Pese a un leve e irremediable retraso de algo así como treinta y tres días, al fin llegamos a Marruecos. La idea original de pisar suelo africano a principios de enero para pasar un invierno muy frio en tierras saharianas y aledaños se vio primera y ligeramente amenazada cuando, un mes atrás, Barcelona osó posicionarse bajo mis pies. Luego, con el caminar de los días, el magnetismo generado por la oferta multisectorial de la ciudad (cultura, gastronomía, arquitectura, callejeo, amistades) terminó de confirmar lo tan horripilantemente temido: la biciestés de este febrero marroquí no hace ni por asomo que su clima sea tropical y agradable, sino más bien todo lo contrario: sólo nos da la oportunidad de gozar de un día extra de crudo invierno a la hora de deambular ciudades, pueblos, playas, montañas, desiertos, rutas y caminos moros (sí, pensamos recorrer todo el país) Yo te dije que teníamos que venir en enero”. Sin embargo, papá Noel cumplió (con creces) y con muy buen tino optó por agasajarme con lo que le pedí en mi cartita justamente para el afrontar el frío polar marroquí: calzoncillos largos (y con creces porque son rayados).

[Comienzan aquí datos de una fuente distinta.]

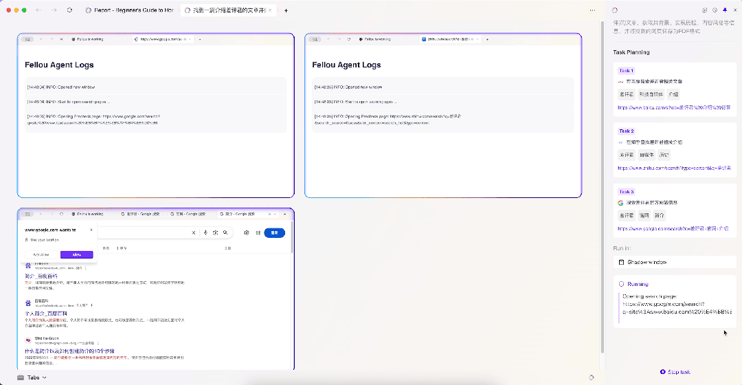 点击开始运行,Fellou 就打开了很多浏览器窗口。

Así es como desembarco hoy en un mundo distinto que no conocía, y al que hacía mucho quería volver. Viajar por el orden y distanciamiento humano que impone una Europa fría después de haberme enamorado de Asia, su impredecible espontaneidad y maremoto de estímulos que ametrallan los sentidos constantemente es como lamer un carozo rugoso después de comerte el salmón rosado con salsa de ostras del pacífico que venía al lado de la aceituna que decoraba la presentación del plato.

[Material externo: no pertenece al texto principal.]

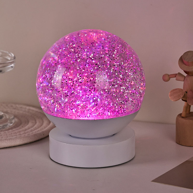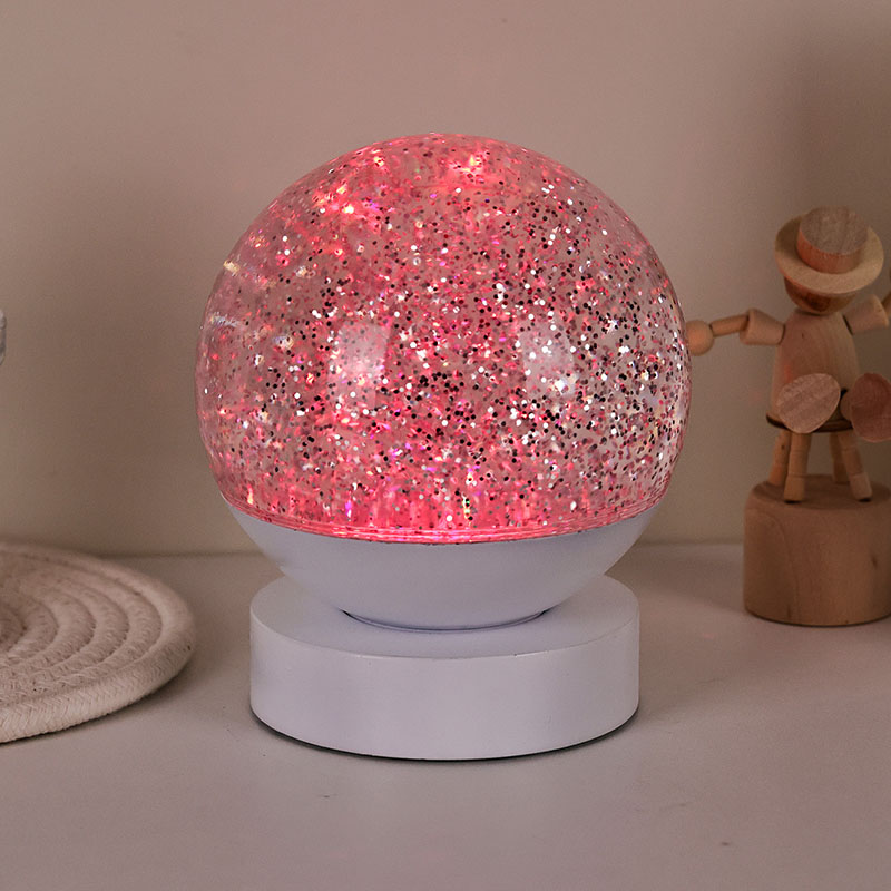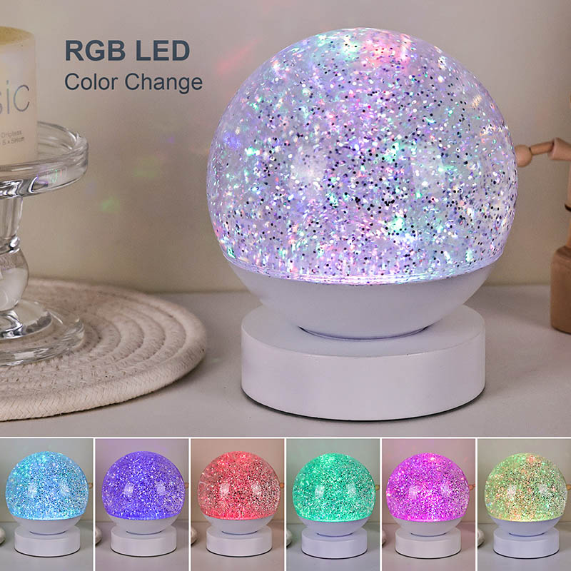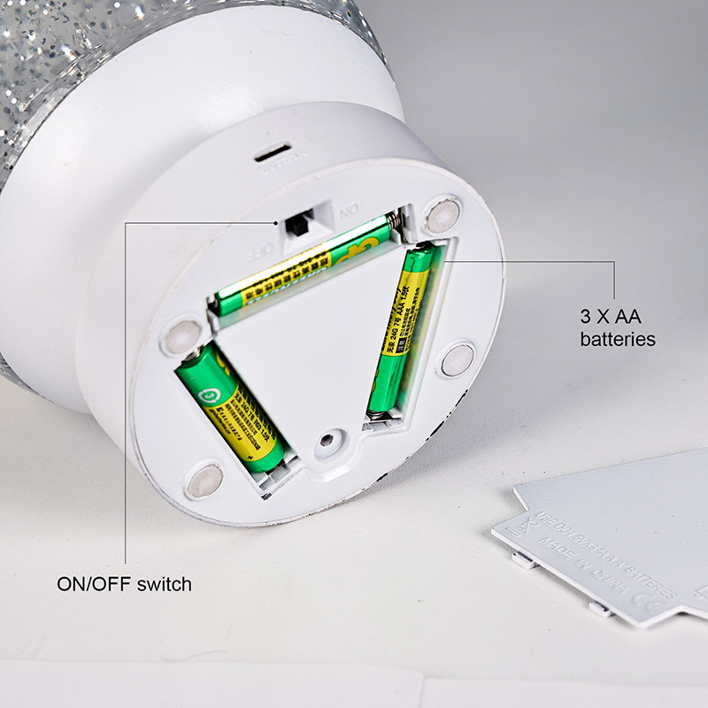 A Lâmpada Led RGB Glitter Decor é feita de material acrílico de alta qualidade, apresentando uma esfera translúcida com excelente transmissão de luz. A base é confeccionada em plástico ABS ecológico, garantindo estabilidade, durabilidade e segurança sem substâncias tóxicas. Ele funciona com três baterias AAA integradas (pilhas vendidas separadamente), eliminando a necessidade de uma tomada elétrica e oferecendo uso conveniente. Perfeito para colocar ao lado da cama, mesa ou no canto dos brinquedos das crianças. Com um simples interruptor de toque, a luz pode ser facilmente ligada ou desligada, tornando-a fácil de usar, mesmo para crianças operarem de forma independente.

Pero Marruecos y lo poco que vi de ello parece no faltar a mis expectativas. Ya desde el “¿van solos? ¡Tengan cuidado!” esto empieza a oler a un poco más interesante y divertido que el viejo mundo. La primera en endulzar mis oídos, obviamente, fue mi vieja (a quien se lo entiendo, no sólo por ser mamá, sino también por ser la mejor de todas y la que mejores “milanesunas con fideos hace”). Luego (y durante, porque mi vieja nunca deja de recordármelo) averiguando por los precios del ferry dimos en caer con una cuarentona que nos repetiría la preciada frase. Ya en suelo firme otra vez y del otro lado del Mediterráneo, fueron dos españoles algo entrados en edad, los que nos previnieron por última vez sobre los peligros de adentrarnos solos ¡y sin guía de viaje! en las tinieblas de la medina (ciudad antigua) de Tanger.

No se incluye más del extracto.